Markham’s own civic cen­tre, de­signed by Arthur Er­ick­son, is nearly 30 years old, but Rich­mond Hill is on the brink of cre­at­ing a new civic district.

The hir­ing of Jack Di­a­mond to do the Rich­mond Hill Cen­tre for the Per­form­ing Arts, not to men­tion his firm’s pre­vi­ous work on the cen­tral li­brary, demon­strates a sim­i­lar un­der­stand­ing that we de­serve our fair share of beau­ti­ful build­ings, and they both cap­ture what we’ve be­come and demon­strate how far for­ward we can still go.

Other changes to the lo­cal land­scape in­clude the new Spad­ina line sub­way sta­tions, which will start op­er­at­ing later this year. Lucky vis­i­tors have al­ready been get­ting tours, and the sta­tions def­i­nitely look im­pres­sive. The UFO-es­que 407 sta­tion seems a bit ran­dom, sure, but the Pi­o­neer Vil­lage sta­tion, at Stee­les, and Vaughan Met­ro­pol­i­tan Cen­tre ( VMC), at Jane and High­way 7, are in­stant land­marks. Some have sneered, as cyn­ics like to do, that the money spent on such bold de­sign is a waste, but when you’re bring­ing tran­sit to the sub­urbs, there’s noth­ing wrong with tak­ing the op­por­tu­nity to make a state­ment.

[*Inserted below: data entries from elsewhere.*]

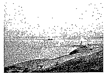
Badklippor vid Littön.
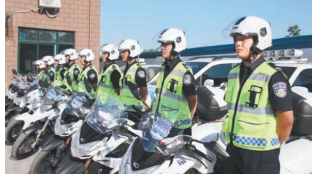
中站区域管局持续凝心铸魂,狠抓纪律,打造城市管理“执法铁军”。

新征程上,中站区域管局在深下基层、接实地气中,不断提高党性修养,致力于将其内化为崇高的理想信念和正确的价值追求,以此获得奋斗不止、精神不怠的动力源泉,获得明辨是非、廓清迷雾的政治慧眼,通过扎实推进大城管格局体系构建,由以往粗放式管理模式渐变为精细化智慧赋能,进一步提升解决实际问题能力,更好地在新时代中为城市高品质发展贡献城管力量。
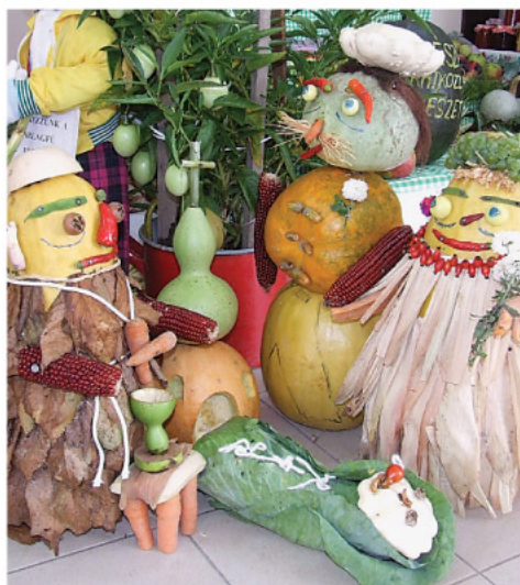
A nagykutasai népdalkör zöldségszobrai.
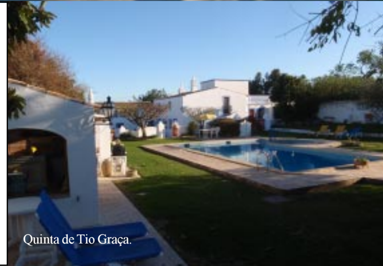
Quinta de Tio Graça.

Daar babbelen aan het zwembad en als het frisser wordt in het barretje met wijn, cake, toastjes serrano-ham, kaasjes enz. Daarbij zijn ook het Nederlandse stel, dat nu naast hen het appartement heeft, op visite. Zo wordt het laat voor wij vieren naar binnen gaan voor het avondeten. Om 21.55 kunnen we aan die heerlijke ovenschotel beginnen. Zo wordt het twaalf uur voor we na de afwas onder zeil gaan.
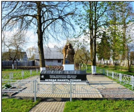
8. Фотоснимок захоронения
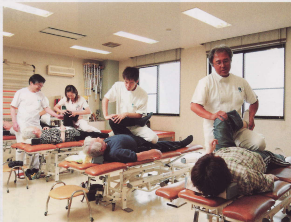
広々としたリハビリ室にて、医療療法士の指導の元、安心してリハビリを進められる。
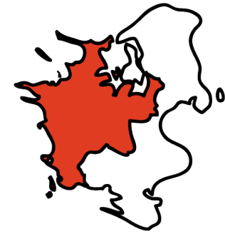
Kulturregion Midt- og Vestsjælland

Kulturregion Midt- og Vestsjælland består af kommunerne Holbæk, Kalundborg, Lejre, Odsherred, Ringsted, Roskilde, Slagelse og Sorø. De 8 kommuner indgik en kulturaftale med Kulturministeriet for perioden 2011 - 2014 med indsatsområderne Talentudvikling, Børne- og ungekultur, Identitet og Kulturarv og International Kunst og Kulturudveksling. Arbejdet med indsatsområderne har ført til en lang række projekter, der alle har en volumen og en kvalitet, der ville være vanskeligt for en enkelt kommune at realisere. Projekterne har alle medvirket til udvikling i såvel hele kulturregionen som i den enkelte kommune. Samarbejde, videndeling, arbejdsdeling. Netværk og involvering på tværs af kommuner og kulturaktører er afgørende for arbejdet i Kulturregion Midt- og Vestsjælland og dermed for mange flotte resultater. giver et overblik over de konkrete projekter der er udsprunget af Kulturaftalen 2011 - 2014.
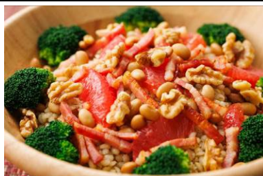
“みやだいず”ともち麦の パワーサラダ
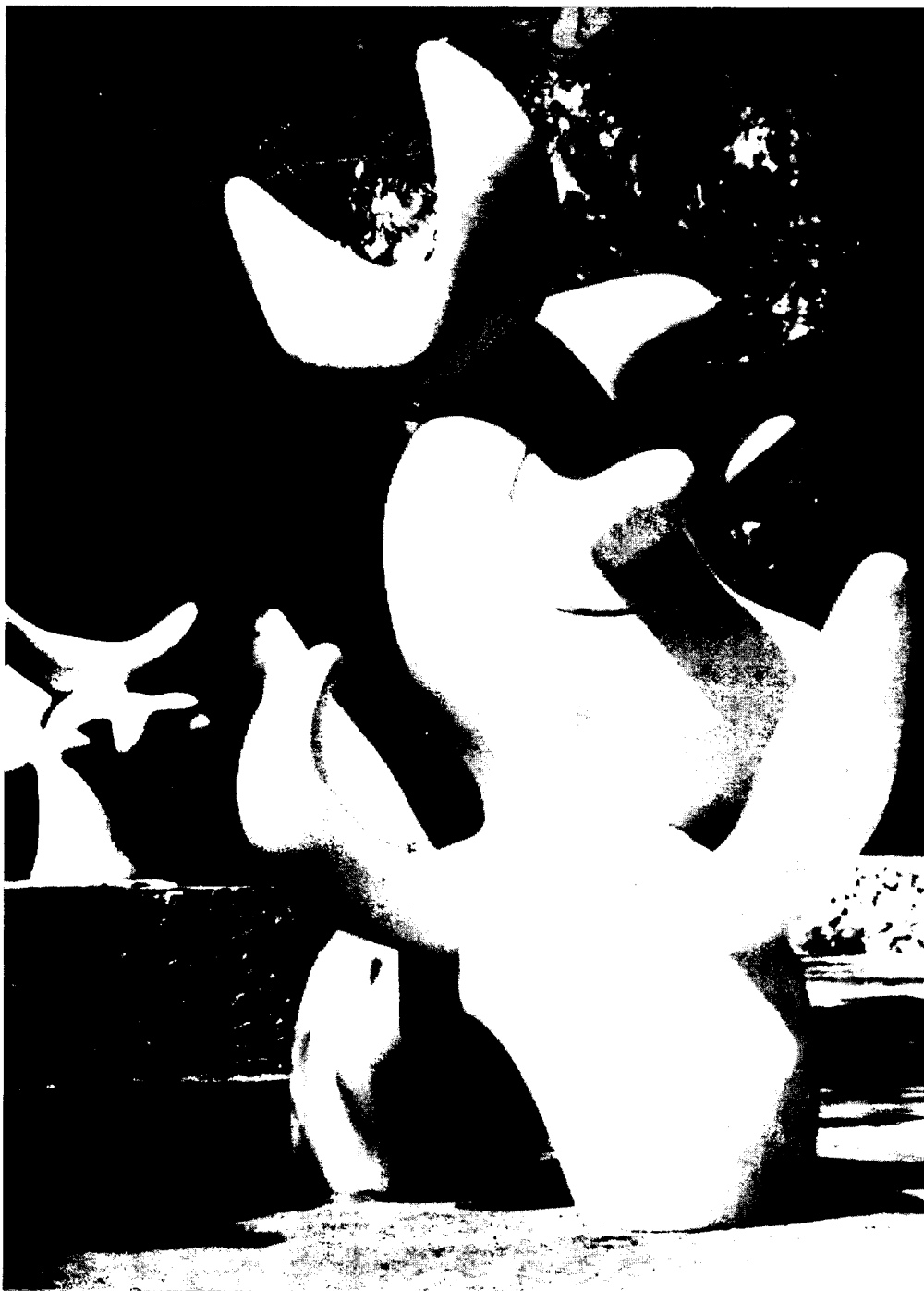
Ocell solar i Ocell lunar.

un dels seus textos, «Miró ha sintetitzat, en l'àmplia corba del seu procés creador, la influència de l'art infantil, de la prehistòria en el seu període esquemàtic i de certs aspectes de l'art popular, integrant tot això en un idioma plàstic d'una originalitat i un efectisme profunds», i ha conformat, a més, una suggeridora acció creativa que esvaeix els límits i la proverbial i interessada escissió entre la producció artística «cultura» i les manifestacions plàstiques de la cultura popular.

I feel the same way about the Viva Rapid­ways. Al­though you can fo­cus on the buses and rid­er­ship, the real key is how those canopies re­de­fine the streetscape and how the ad­di­tion of landscaping, ur­ban light­ing and bi­cy­cle lanes are fun­da­men­tally and lit­er­ally chang­ing the shape of our com­mu­ni­ties.

Both around VMC and up and down our ma­jor thor­ough­fares, high­rises are chang­ing the sky­line, some nicer than oth­ers. It’s go­ing to be a con­stant chal­lenge for our politi­cians and civil ser­vants go­ing for­ward to en­sure a high stan­dard of de­sign is main­tained, es­pe­cially af­ter gen­er­a­tions of cookie-cut­ter devel­op­ment.

Pre­serv­ing our past, of course, is just as im­por­tant as build­ing that new fu­ture.

In Thorn­hill, the his­toric Robert West House will open to the pub­lic af­ter re­ceiv­ing ac­ces­si­bil­ity up­grades, and right next door, the cen­tury-old car­riage house — most re­cently a sad Mac’s Con­ve­nience Store — is be­ing trans­formed into a hand­some-look­ing pub. (Al­though they’ve been work­ing on it so long, I’m won­der if it’ll qual­ify for the 2022 awards.) Across the street, new streetscap­ing has trans­formed the side­walks through the Yonge Street her­itage district into places you might linger in­stead of rac­ing through to get to Tim Hor­tons.

From the pub­lic art and carousel in the bur­geon­ing Markham Cen­tre to the sus­tain­able Oak Ridges Com­mu­nity Cen­tre, beau­ti­ful pub­lic and pri­vate spa­ces are pop­ping up all over, and not a mo­ment to soon.

For a long time, we were com­pla­cent as our his­toric towns were trans­formed into sprawl­ing sub­urbs, but ex­pect­ing some­thing bet­ter is part of grow­ing up. So is de­mand­ing bet­ter and so is cel­e­brat­ing how far we’ve come.